Celeriac has a subtle celery flavor that provides a background to soups, stews, and root mashes. It also makes a delicious soup or gratin on its own or combined with potatoes or other root vegetables. It can also be eaten raw in salads and slaws paired with other fall fruits and vegetables. There is a classic French preparation called Celeriac Remoulade which is basically a creamy celeriac slaw. I like to make a slaw based on this concept, but add apples and fresh, chopped cranberries as well as parsley when available. I’ve also noticed more “paleo” recipes are encouraging the use of celeriac as a substitute for starchy potatoes, noodles, etc.
Celeriac stores quite well, thus it is an important part of our seasonal winter diets. It can actually be stored for up to 6 months!
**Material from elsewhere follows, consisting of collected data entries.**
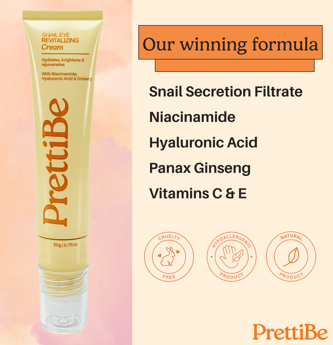 Prettibe’s Snail Eye Revitalizing Cream is a targeted treatment designed to breathe new life into tired eyes. Formulated with 96% filtrate snail mucin, this lightweight cream delivers deep hydration and skin-renewing benefits exactly where you need them most. The unique roller applicator ensures gentle, precise application—perfect for the delicate under‑eye area.
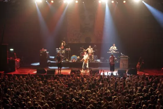 Foran et tændt publikum på en lørdag aften, hvor selv fodboldfolket lige så godt kunne synge på spansk, lå den lige til højrebenet for Manu Chao og hans orkester. Og vanen tro fik den omgående på alle tangenter med opspeedet skarock af den særlige slags, som gør sig så charmerende på studiepladerne,
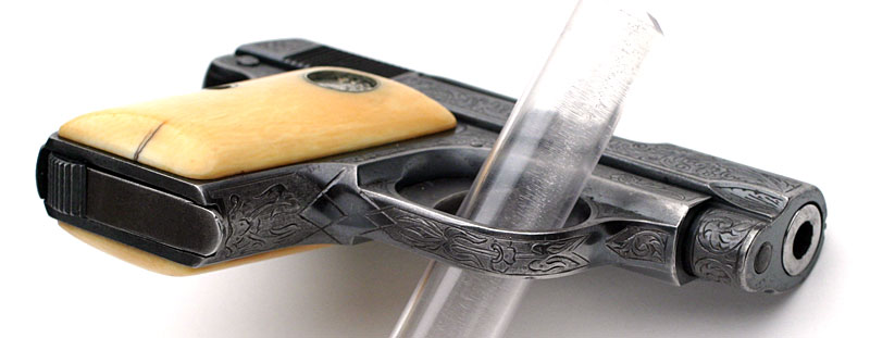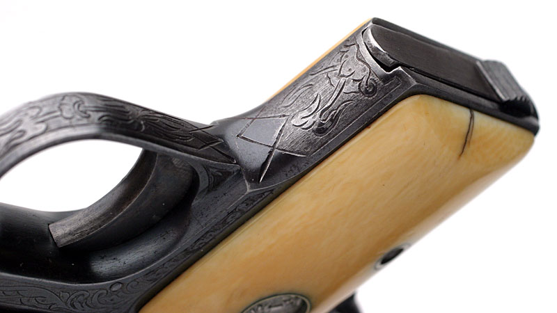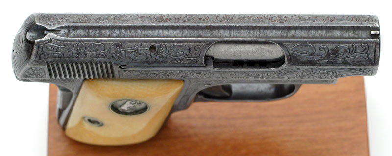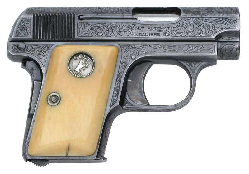 Colt 1908 Vest Pocket .25 ACP Serial Number 163166 Factory Master Engraved by William H. Gough Blue Finish, Gold Inlaid Monogrammed Ivory Stocks - The records indicate this pistol was shipped out as a .25/c, 2", in the Green state for engraving. It was shipped to A.H. Fox Gun Co. in Philadelphia, PA for William H. Gough on April 20, 1917, a shipment of 1 gun. For other factory engraved Colt 1908 Vest Pocket .25 ACP pistols by William H. Gough, See: Gun of the Month - December 1998 Gun of the Month - January 2003 Gun of the Month - September 2009 Gun of the Month - January 2010
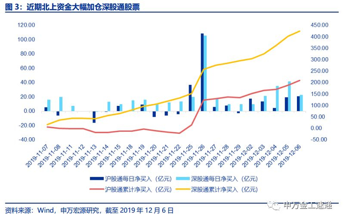 北上资金自11月以来继续大幅净流入,其中,深股通流入速度明显超过沪股通,截至12月6日,最近一个月以来沪股通累计净流入209.50亿元,而同期深股通净流入达425.15亿元,是沪股通的两倍。从行业分布来看,最近一个月北上资金集中加仓电子、计算机等高科技行业,减持大消费和大金融板块。
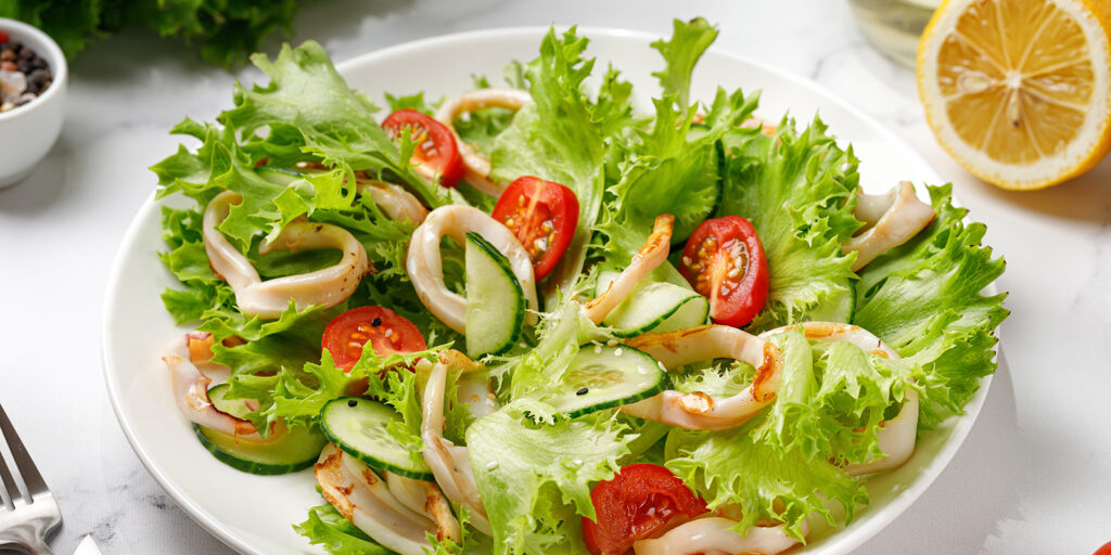 20 простых и очень вкусных салатов с кальмарами - Лайфхакер По этим рецептам вы сможете приготовить вкуснейший салат с кальмарами и огурцами, креветками, сыром, корейской морковью или грибами.

Keep it in your refrigerator loosely wrapped in plastic or in the crisper drawer until you are ready to use it.
Quick Celeriac Remoulade
Photo from bbcgoodfood.com |
7 Tbsp good quality mayonnaise
3 Tbsp Dijon mustard
1 lemon, juice only
1 celeriac
- In a large bowl, mix the mayonnaise, mustard and lemon juice together thoroughly with a generous sprinkling go salt and some freshly ground black pepper, so it all becomes one sauce.
- Peel and quarter the celeriac, then, working quickly, coarsely grate it and stir into the sauce until evenly coated. It will keep in the fridge for up to 2 days.
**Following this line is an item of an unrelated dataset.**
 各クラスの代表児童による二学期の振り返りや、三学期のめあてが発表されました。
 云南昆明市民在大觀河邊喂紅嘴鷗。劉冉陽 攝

Recipe borrowed from www.bbcgoodfood.com
Celery Root and Hash Brown Cake
Yield: 2 to 4 servings
1 pound potatoes
1 celeriac (about 12 ounces or more)
4 Tbsp sunflower seed oil, butter, or a mixture
2 large shallots or 1 yellow onion, finely diced
Sea salt and freshly ground pepper, to taste
A few pinches of celery seeds
½ cup Gruyere cheese, Gouda, or a medium cheddar
Finely chopped celery leaves or parsley, to finish
- Scrub the potatoes, and then peel them or not as you wish. Coarsely grate them on a hand grater or in a food processor, then peel and grate the celeriac as well.
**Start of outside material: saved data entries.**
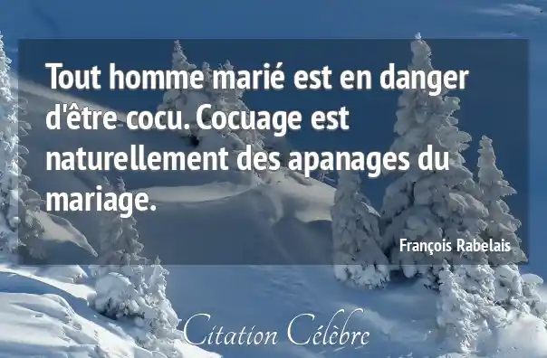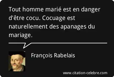 Tout homme marié est en danger d'être cocu. Cocuage est naturellement des apanages du mariage.
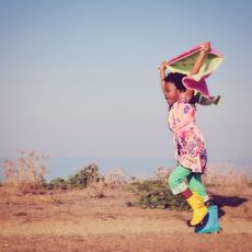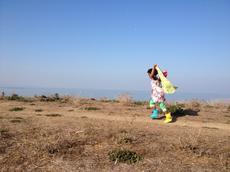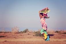 Girl running holding scarf ...
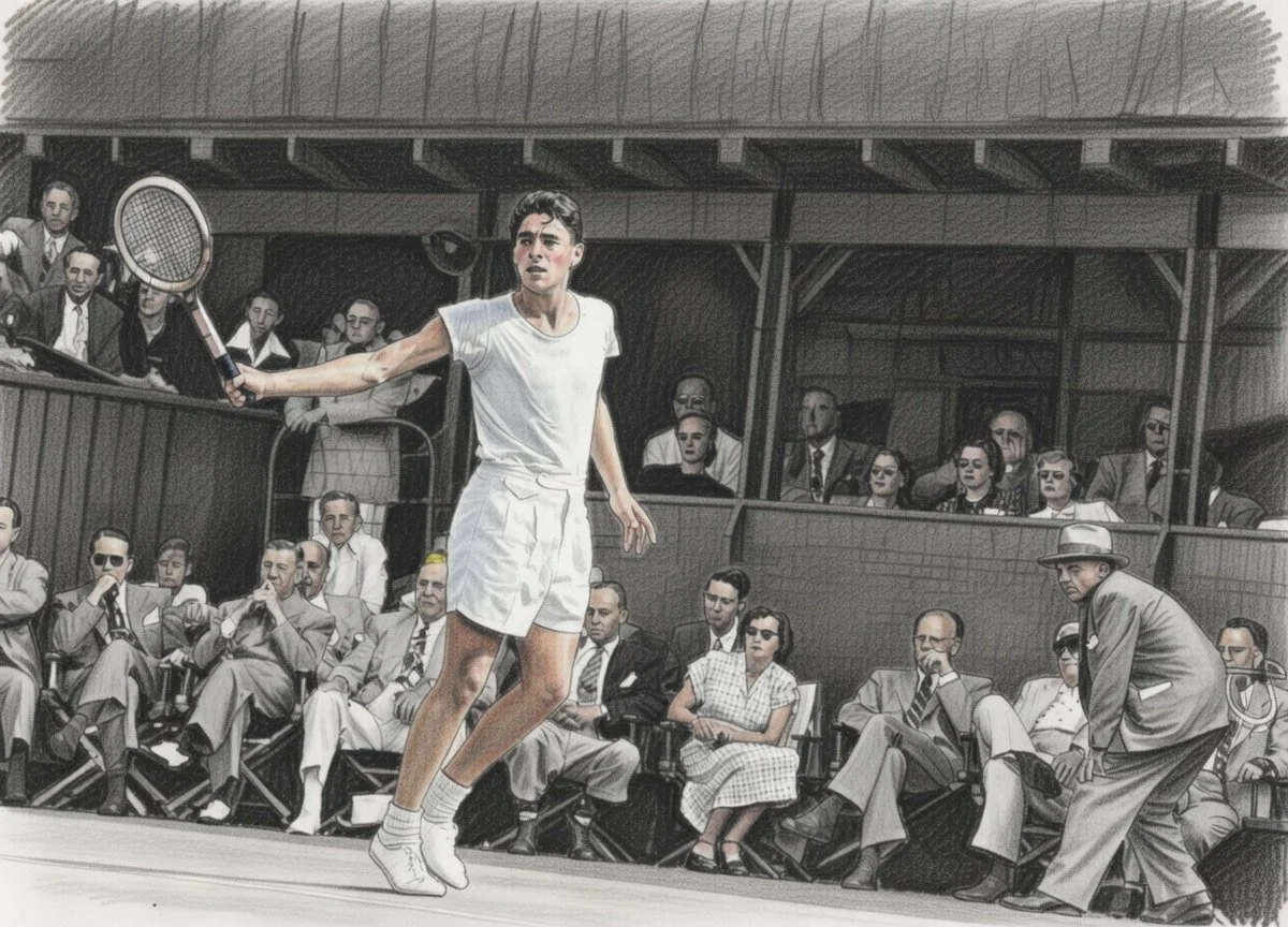 In the summer of 1948, a tall, fiery 20-year-old from the barrios of East Los Angeles stepped onto the grass courts of Forest Hills and stunned the tennis establishment. Richard Alonzo “Pancho” Gonzales, the son of Mexican immigrants, defeated the heavily favored Eric Sturgess in the final of the U.S. National Championships (now the US Open) to win his first major title. The following year he defended his crown. Gonzales wasn’t just winning matches—he was breaking through the invisible color line of American tennis, becoming the first Mexican-American superstar in a sport long reserved for the white, wealthy elite. His rise marked a cultural turning point, helping shift tennis from an exclusive country-club pastime into a more accessible, diverse, and passionate American spectacle.
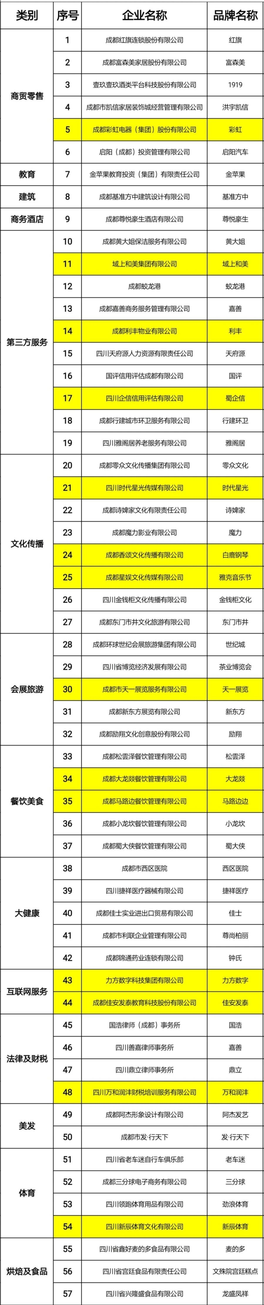 经过信用协查、专家评审会和网络投票等环节评定,以下武侯区企业入选成都市服务业百强品牌,让我们恭喜他们!(表格内标黄的企业)
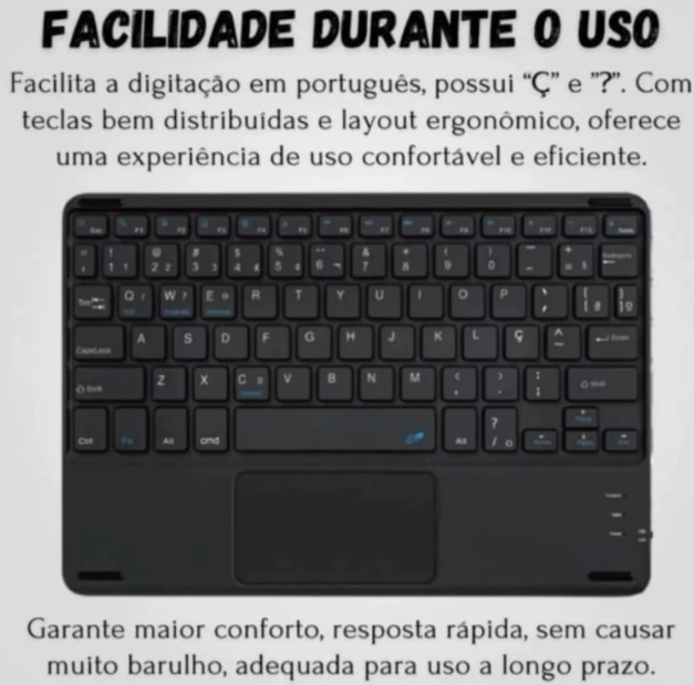 Facilitando cada toque em português, o JP105 é equipado com as essenciais teclas ‘Ç’ e ‘?’, tornando a digitação uma experiência fluida e eficiente. Seu layout ergonômico e teclas bem distribuídas garantem conforto e precisão em cada movimento.
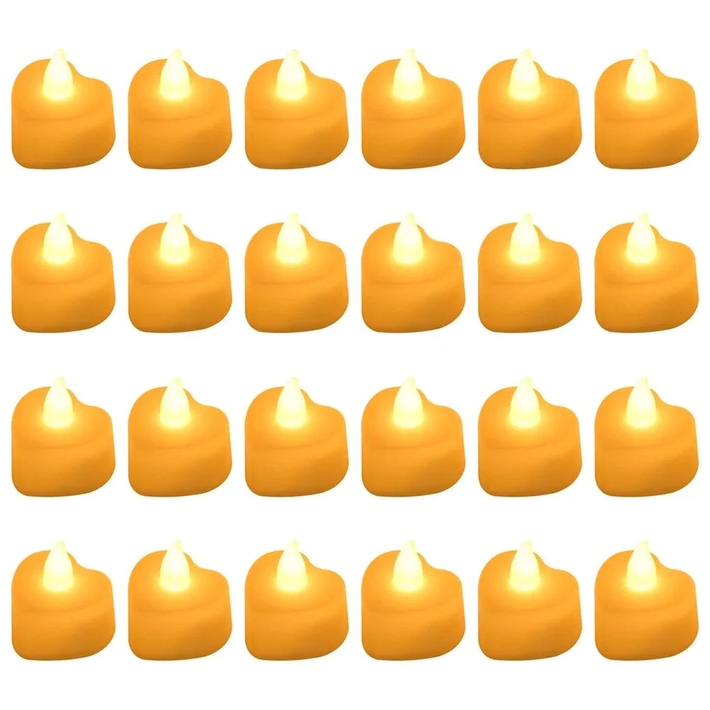 Add a touch of romance to any occasion with the NNEOBA 24-Pack Heart LED Tea Lights with Artificial Rose Petals. This set includes 24 heart-shaped LED candles that emit a soft, warm light, perfect for creating a romantic ambiance at weddings, anniversaries, or special dates. These flameless candles are a safe and convenient alternative to traditional candles, with pre-installed batteries for quick use.
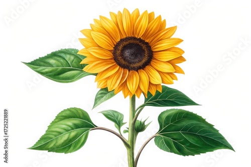 © HM DESIGN, Obraz premium Vibrant sunflower in full bloom with green leaves
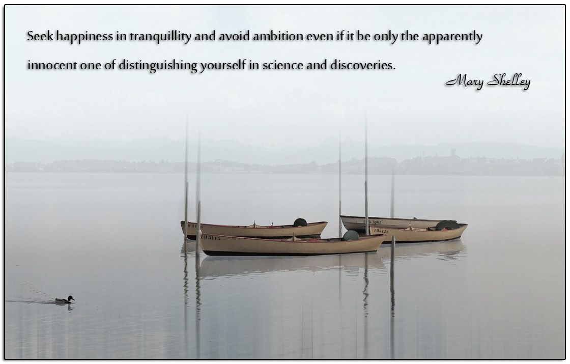 “Seek happiness in tranquillity and avoid ambition even if it be only the apparently innocent one of distinguishing yourself in science and discoveries.” Mary Shelley
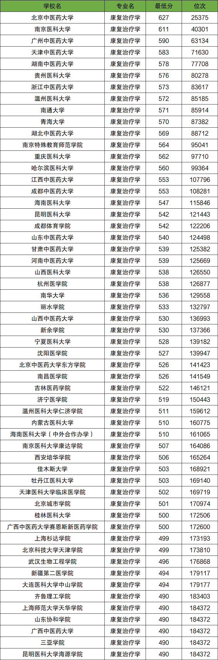 1.康复治疗学专业录取分数线

- Heat the oil and/or butter in a 10-or 12-inch nonstick or cast-iron skillet over medium heat. Add the shallots and cook for about 1 minute. Add the potatoes and celeriac and season with ¾ tsp salt, a few grinds of pepper, and the celery seeds. Stir to coat the vegetables with the oil, then let the mixture sit undisturbed for 5 minutes or so. Fold the browned and crisp outside into the center, then pat the mixture down again. Continue in this fashion, allowing the vegetables to brown and crisp before folding them together, until all are cooked and nicely browned, about 20 minutes. Now, pat the mixture into the pan one more time, forming a nice even cake, and cook a few minutes longer so that it develops a golden crust. Scatter the cheese over the surface and leave to melt into the cake.
- Season with pepper and add the celery leaves or parsley. Cut the cake into wedges (or scoop it out of the pan) and serve.
Recipe sourced from Deborah Madison’s book, Vegetable Literacy.